#### Entries provided ####

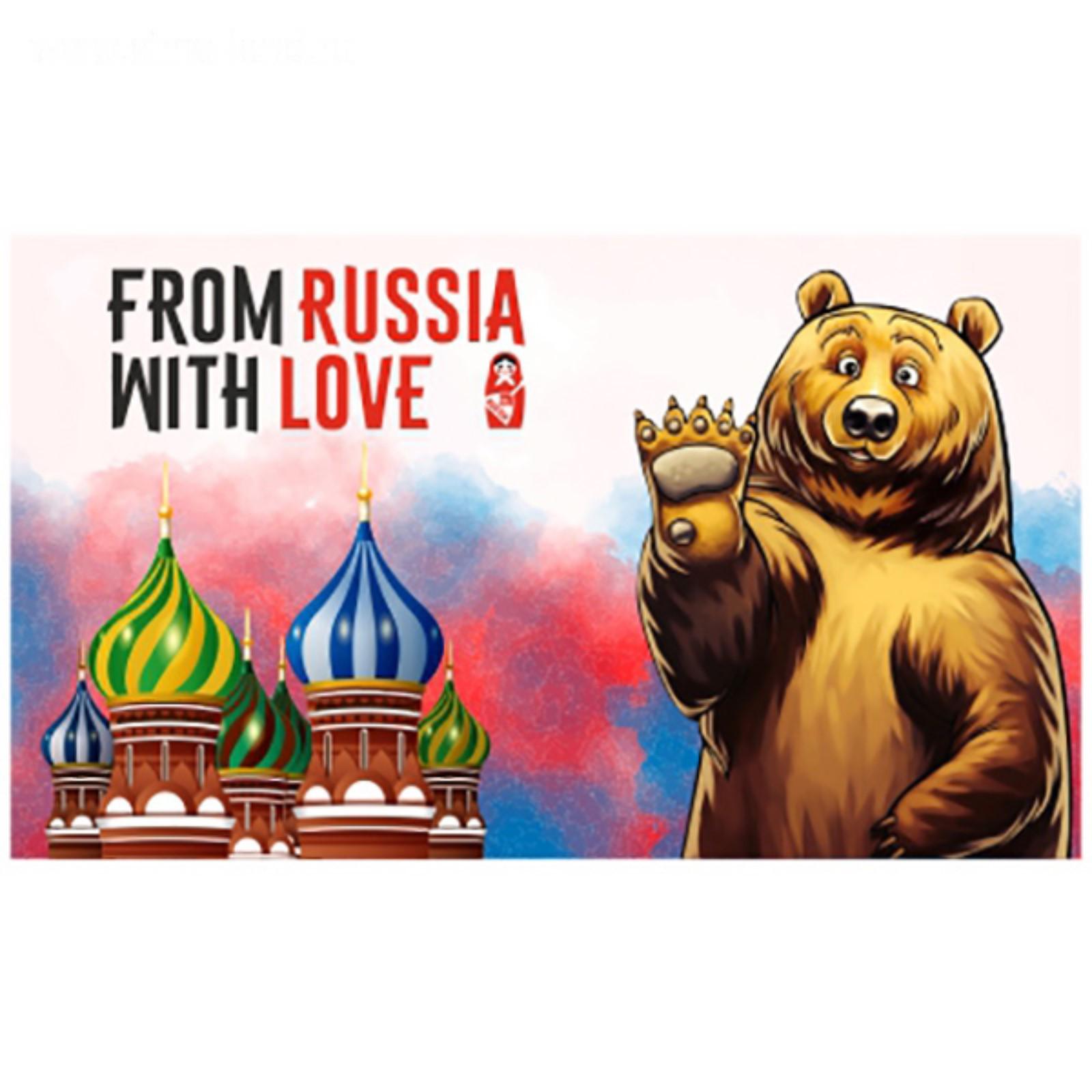 Флаг прямоугольный на липучке "FROM RUSSIA WITH LOVE" медведь, 140х240 мм, S09202001
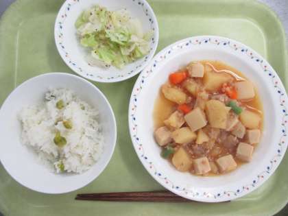 新じゃがいもと新きゃべつを使い、春を感じる給食でした。
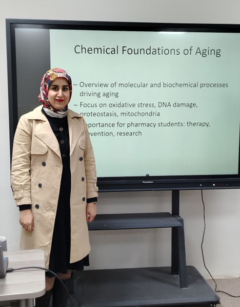 هدفت الورشة إلى توضيح الأسس الكيميائية والجزيئية لعملية الشيخوخة وشرح الآليات الحيوية المصاحبة لتدهور وظائف الخلايا مع التقدم في العمر، كما وأبرزت أهميتها لطلبة الصيدلة في مجالات الوقاية والعلاج والبحث العلمي.
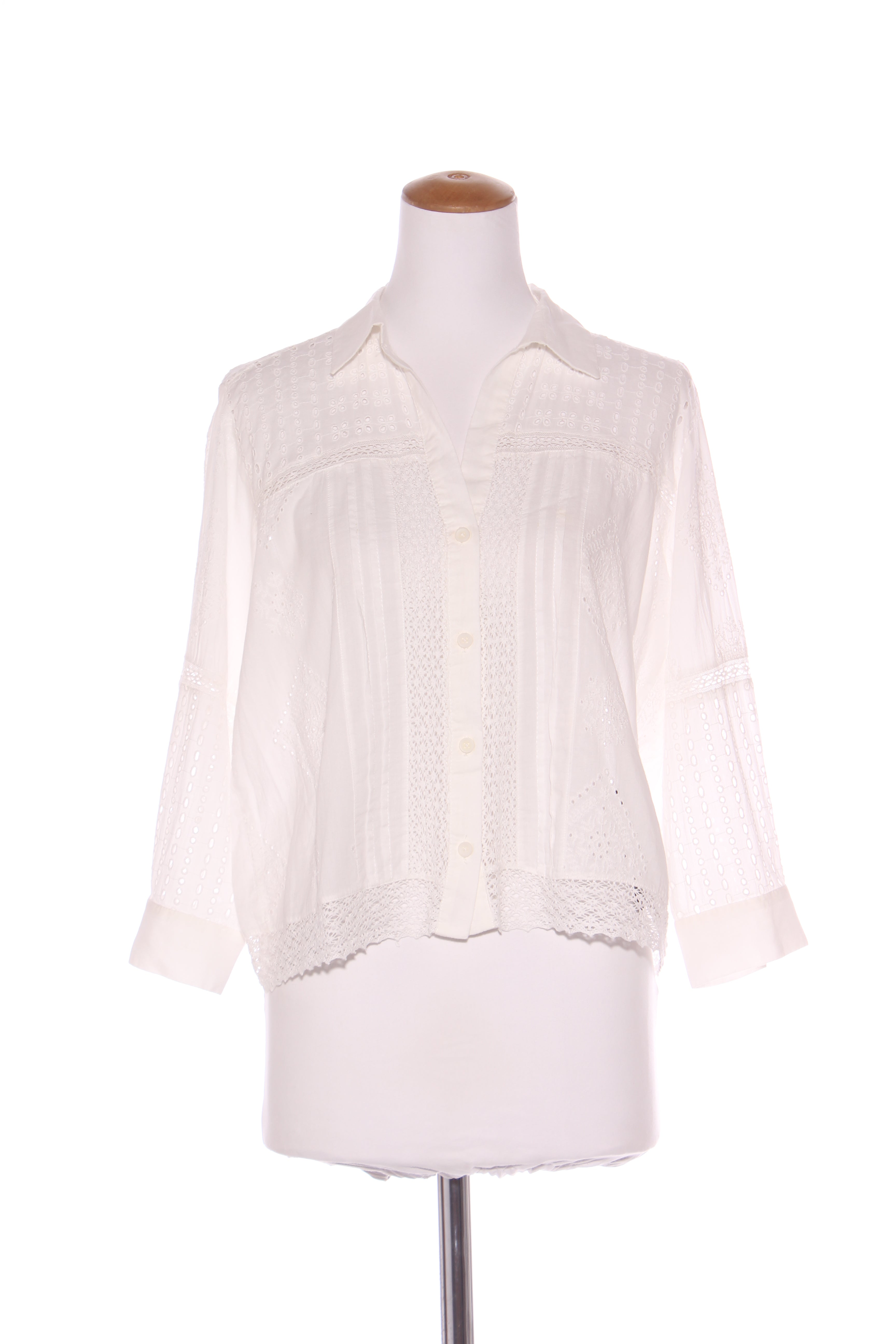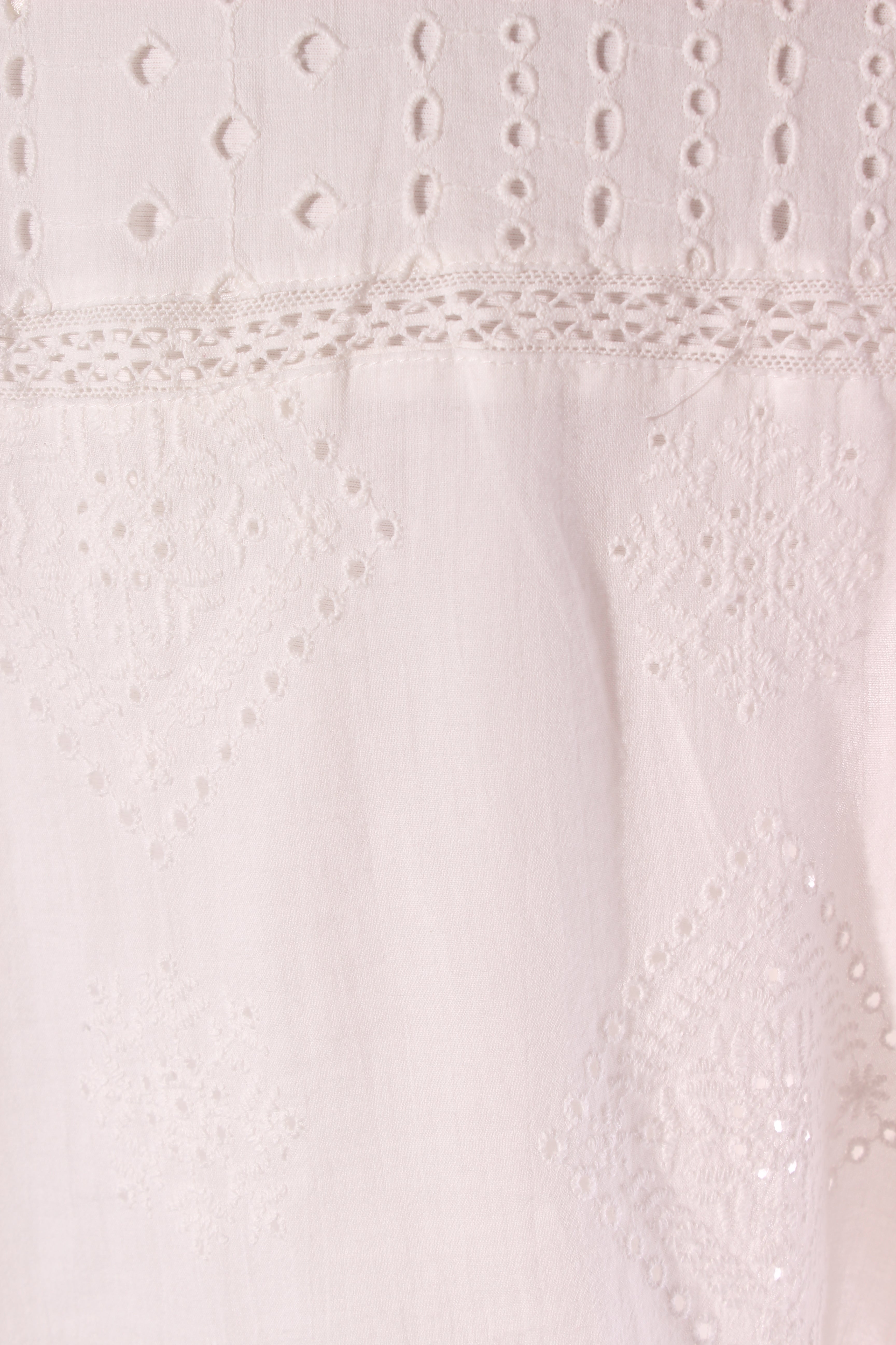 SIZE ON TAG: MFITS LIKE: 12COLOUR: Milk whiteFABRIC: CottonCONDITION: Excellent prelovedMEASUREMENTS:BUST: 55cms WAIST: 56cms LENGTH: 53cmsNOTES: Super pretty broderie anglaise and lace detail. Crop style. Light...
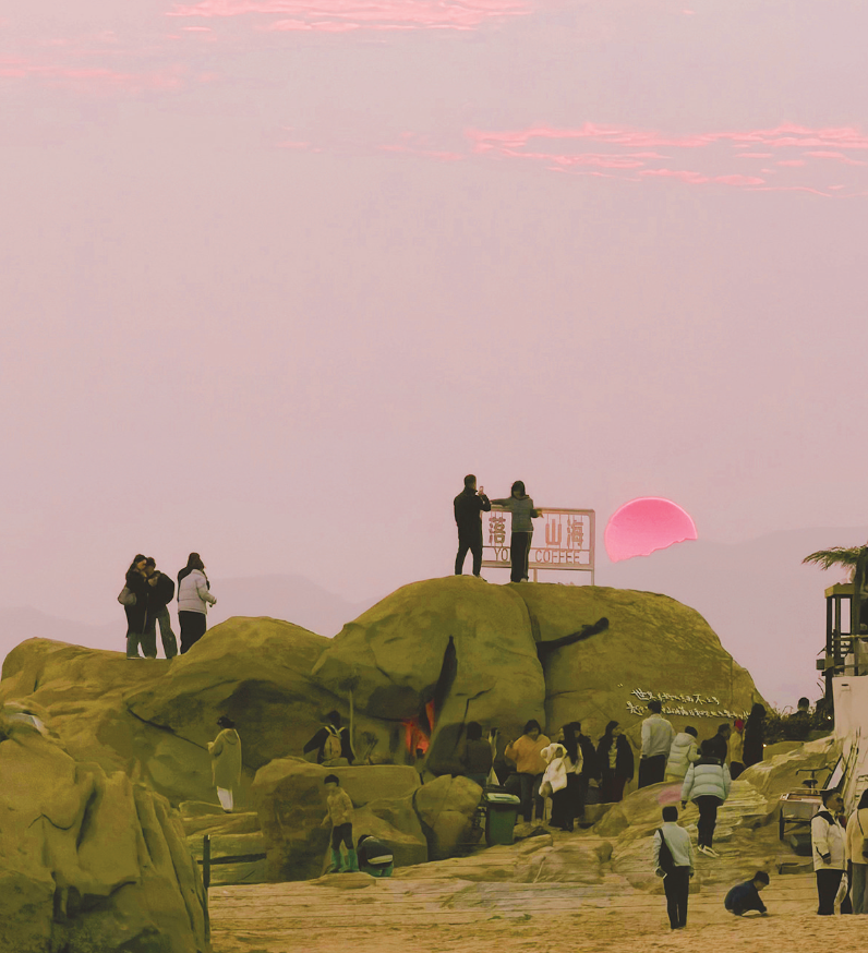 68海里景区,有不少矗立在岸边的奇岩怪石。 用心珍藏镜头装不下的记忆 游客李木子来自新疆乌鲁木齐,她的手机相册则呈现出另一种风格。面对春节的人潮和强劲的海风,她依然执着地寻找独特的拍摄视角。 “人多没关系,我可以仰拍,以天空和风车为背景。”她笑着说。在她的镜头里,北部生态廊道的落日温柔又浪漫,咖啡店的落地窗前,夕阳正缓缓沉入海平面,画面安静而美好。
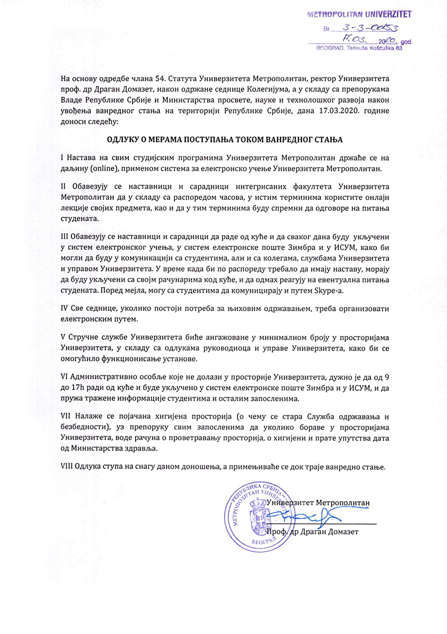 Nakon održane sednice Kolegijuma, a u skladu sa preporukama Vlade Republike Srbije i Ministarstva prosvete, nauke i tehnološkog razvoja, doneta je Odluka o merama postupanja tokom vanrednog stanja, od strane rektora Univerziteta Metropolitan, profesora dr Dragana Domazeta, a na osnovu odredbe člana 54. Statuta Univerziteta Metropolitan.
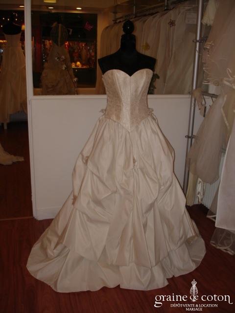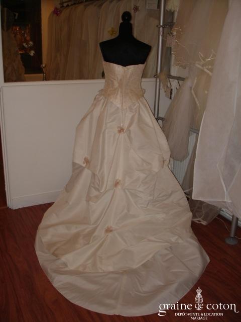 Robe deux pièces couleur ivoire et champagne. Bustier lacé sur les côtés, en pointe pour affiner encore la taille. Jupe ivoire relevée par des petites fleurs, effet « nuage ».
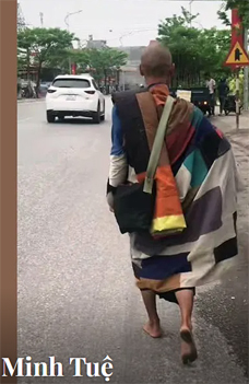Tối thầy ngủ ở nghĩa địa hoặc những căn nhà bỏ hoang. Cái áo của thầy đủ dầy để không bị lạnh. Thầy có pháp danh là Minh Tuệ, trước đây là một cán bộ địa chính, vì một lẽ duyên nào đó thầy xuất gia năm 36 tuổi bây giờ thầy 42 tuổi. Thầy phát nguyện đi bộ không dùng tiền để hiểu đời, hiểu mình, để cho mình trần trụi trước sân si, thực hành thoát khổ, muốn ra khỏi luân hồi.
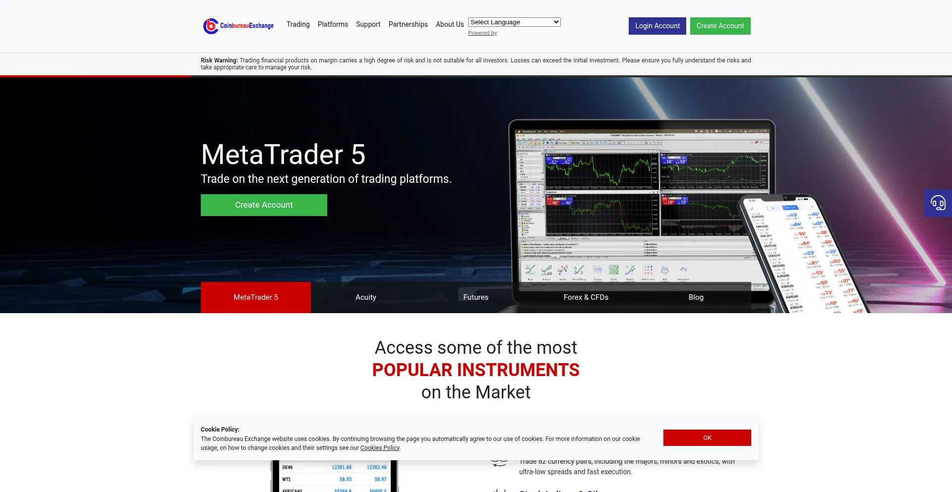 Start forex trading with Coinbureau Exchange and trade with low spreads & high leverage on CFD currencies, stock, commodities, indices, bonds, options, metals & more
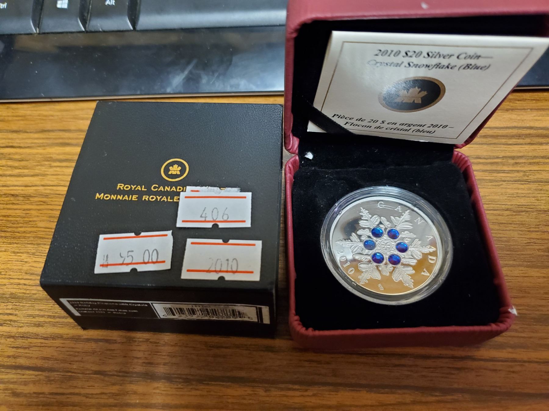 2010 $20 FINE SILVER COIN 'BLUE CRYSTAL SNOWFLAKE'
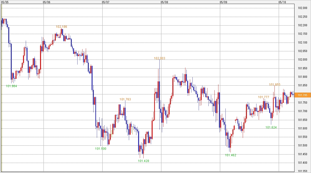 5月5日~5月9日の週。ドル円相場は1ドル=101.42~102.24円
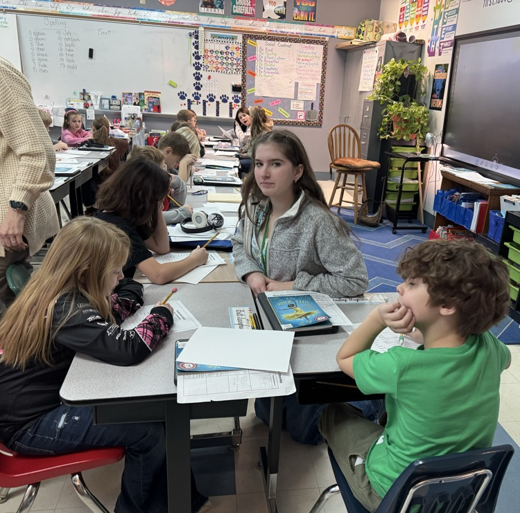 High school students lead lessons at East Elementary. Mrs. Duggans 3rd graders learned about creative symmetry. Mrs. Medford's class was assisted students in rewriting an unexpected fairytale by using non-traditional parts of speech. Such a great morning working together!
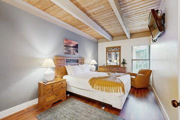 Overlooking a tranquil courtyard, your two-bedroom with loft townhome boasts vaulted ceilings, a gas fireplace, and hardwood floors in the living room and bedrooms. The full kitchen is well-equipped for prepping your favorite recipes, and there’s plenty of space to gather for mealtime, board games, and puzzles between the living and dining areas. Step out on the dining balcony for a breath of fresh mountain air anytime.
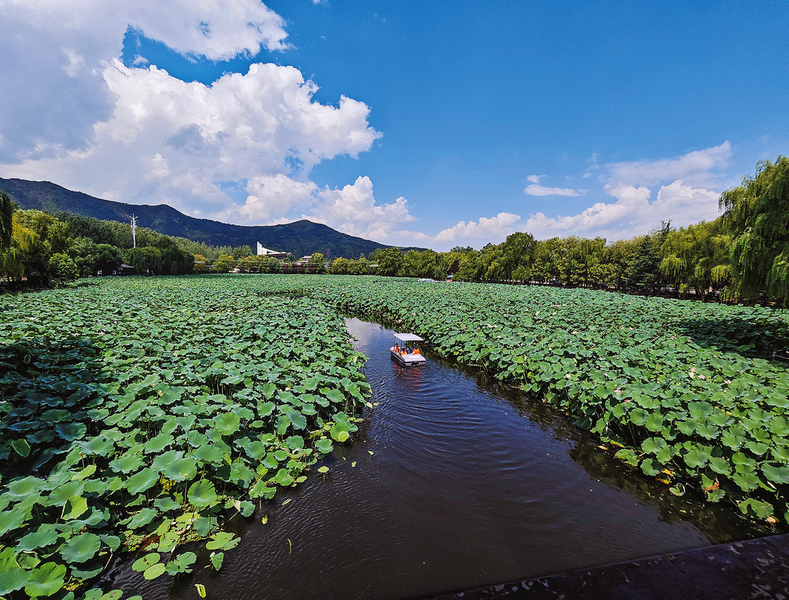 8月20日,在丹凤县棣花古镇,游客在千亩荷塘间划船。陕西日报记者 王佳伟
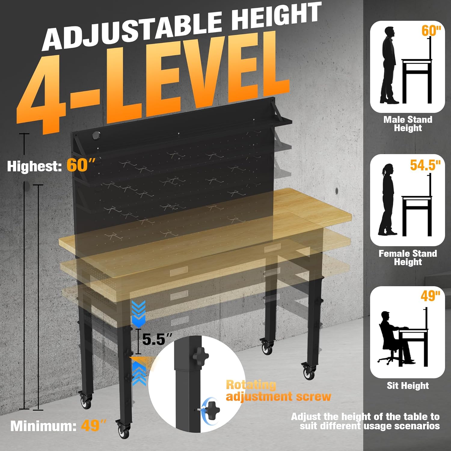 • Multi-Level Height Adjustable: Without additional tools, the workbench can be adjusted to 4 different heights from 39" to 60", allowing you to work more comfortably standing or sitting, preventing you from staying in the same position for a long time
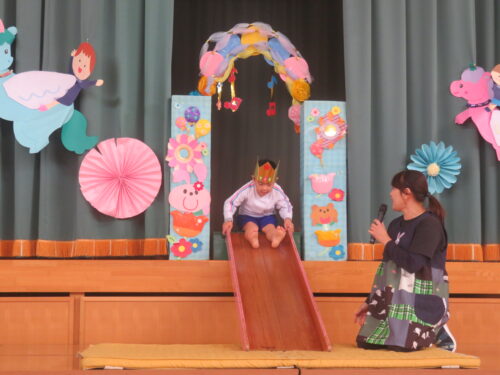 11月生まれのお友達がお名前を呼ばれて滑り台から登場です!
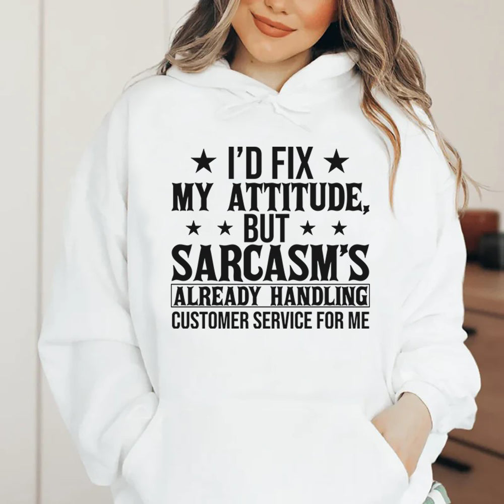 Your attitude? Managed. Your sarcasm? Running the front lines. This “I’d Fix My Attitude, But Sarcasm’s Already Handling Customer Service for Me” hoodie is for anyone whose sharp wit does all the talking, and whose patience for nonsense is… limited. Perfect for sarcastic souls who know that sometimes humor is the best (and only) defense.

####

**Instructions for the task**
Only the lines between the one with "Start forex trading" and the one with "High school students", those two included, get copied from the material above. Keep it exact and free of pictures.

**Response to the exercise**
 Start forex trading with Coinbureau Exchange and trade with low spreads & high leverage on CFD currencies, stock, commodities, indices, bonds, options, metals & more
 2010 $20 FINE SILVER COIN 'BLUE CRYSTAL SNOWFLAKE'
 5月5日~5月9日の週。ドル円相場は1ドル=101.42~102.24円
 High school students lead lessons at East Elementary. Mrs. Duggans 3rd graders learned about creative symmetry. Mrs. Medford's class was assisted students in rewriting an unexpected fairytale by using non-traditional parts of speech. Such a great morning working together!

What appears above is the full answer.